Here’s what to look for:

  • Iteration 7 still evaluates to 33 % accuracy, but GEPA proposes a rewritten instruction that enforces schema discipline (reasoning/JSON/sources headers, required fields, exact offsets).
  • Immediately after, the validation log flips to 3.0 / 3 (100.0%), proving the new instruction fixes all held-out examples.
  • Subsequent iterations skip mutation because every validation subsample is already perfect—GEPA settles on program index 2, the best candidate on both train and validation sets.
  • You have ground truth labels and want the optimizer to explain misses.
  • Your baseline extractions fail to parse or miss critical fields.
  • You can afford a second, stronger model to act as the reflective critic.

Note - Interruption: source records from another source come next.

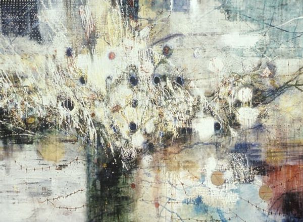 Curator: This is an untitled work by Norman Bluhm, created in 1960. It exemplifies Abstract Expressionism through the medium of oil paint. Editor: It feels chaotic, almost violent. A burst of energy captured, but I also find a weird sense of melancholy within it, like a storm receding. Curator: Bluhm's work often engaged with the socio-political climate of the time. Abstract Expressionism, in many ways, was a declaration of individual freedom against the backdrop of Cold War anxieties and McCarthyism. To understand it is to grapple with the narratives of identity in an age of conformity. Editor: I see echoes of past conflicts – not in any literal sense, of course, but in the primal clash of darkness and light. The heavy blues and blacks almost seem like bruised symbols of struggle and mourning. Curator: Absolutely. Considering Bluhm's biography, his experiences during the Second World War surely shaped his artistic perspective, becoming an indelible mark within his abstraction. We might view the impasto technique not just as a formal choice, but as an embodiment of psychological weight. Editor: The white almost fighting to emerge through all those darker shades is what gives the painting such strength. The white embodies hope but is still somehow overwhelmed. Curator: Right. It mirrors larger struggles within society at the time – attempts to break free, the resilience needed in the face of oppression, but the awareness that overcoming adversity is often a brutal act, leaving a trace of damage. Editor: Do you think there’s any link to religious symbolism, any idea that we are looking at divine force manifesting within these swathes of black, blue, and white? The marks feel biblical. Curator: Interesting. It could symbolize various forms of systemic oppression from his view, but also those moments where communities resisted through collective action, mutual aid. It depends on one's lived perspective in those times. Editor: Well, regardless, viewing the work has given me much to consider, as if the image remains long after one's encounter with the painting. Curator: Indeed. Bluhm encourages us to critically examine the historical, cultural, and personal threads intertwined within this singular act of painting.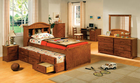 Convenience, extra storage and cottage style are hallmarks of this warm and inviting bedroom set. The platform-captain bed has a bookcase headboard and three drawers under a twin trundle. The...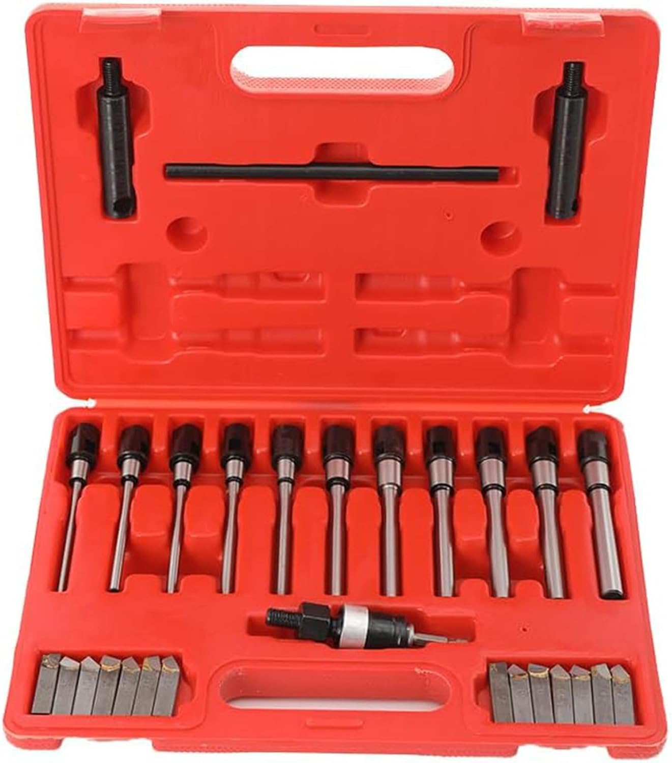Complete 29pc Kit for Multi-Vehicle Fleets:Includes 14 blades + 11 arbors( Tool bar diameter: 5MM, 5.5MM, 6MM, 7MM, 8MM, 9MM, 9.5MM, 10MM, 10.5MM, 11MM, 12MM) to service engines from compact cars (22mm) to heavy trucks (63mm). Compatible with F-ord, C-hevy, T-oyota, Ku-bota, and Jo-hn Deere models.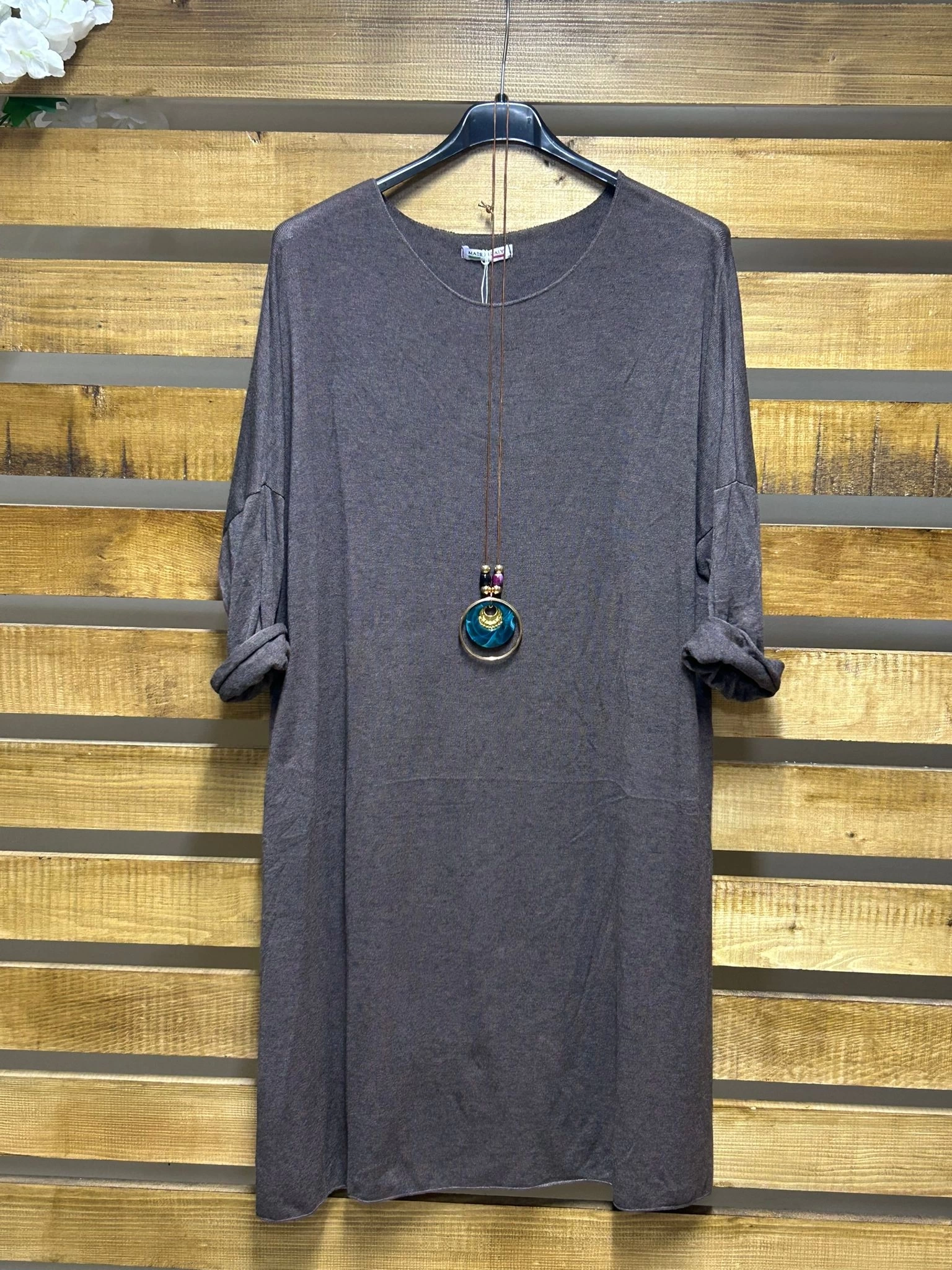 Boyundan takılan kolye detayı, elbiseye zarif bir dokunuş katar ve kombin tamlayıcısı olur.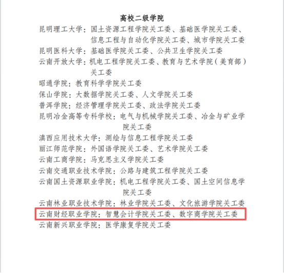近日,云南省教育厅关心下一代工作委员会发布《关于2025年度全省教育系统基层“五好”关工委认定情况的通报》,经自主申报、层层审核、省级审议等严格程序,我校智慧会计学院关工委、数字商学院关工委成功获评2025年度云南省教育系统基层“五好”关工委荣誉称号。

If you’re already near your target accuracy or only need quick heuristics, MIPROv2 remains faster. GEPA shines when insight and quality trump raw speed.

  • Keep reflections verbose: Set max_tokens ≥ 32 k on the reflection LM so it can quote failures and propose concrete fixes.
  • Balance cost and quality: Use a light, inexpensive model for extraction and a stronger model for reflection. This mirrors the Gemini Flash Lite → Flash pairing from the example.
  • Inspect feedback: With track_stats=True, GEPA stores reflection notes so you can audit what changed between iterations.
  • Rerun evaluation: Always call extractor.evaluate(...) after optimization to confirm gains on your own validation data.

GEPA turns reflective prompt evolution into a turnkey upgrade path: run the example once, adapt it to your schema, and keep the stronger reflection model handy for the toughest extraction challenges.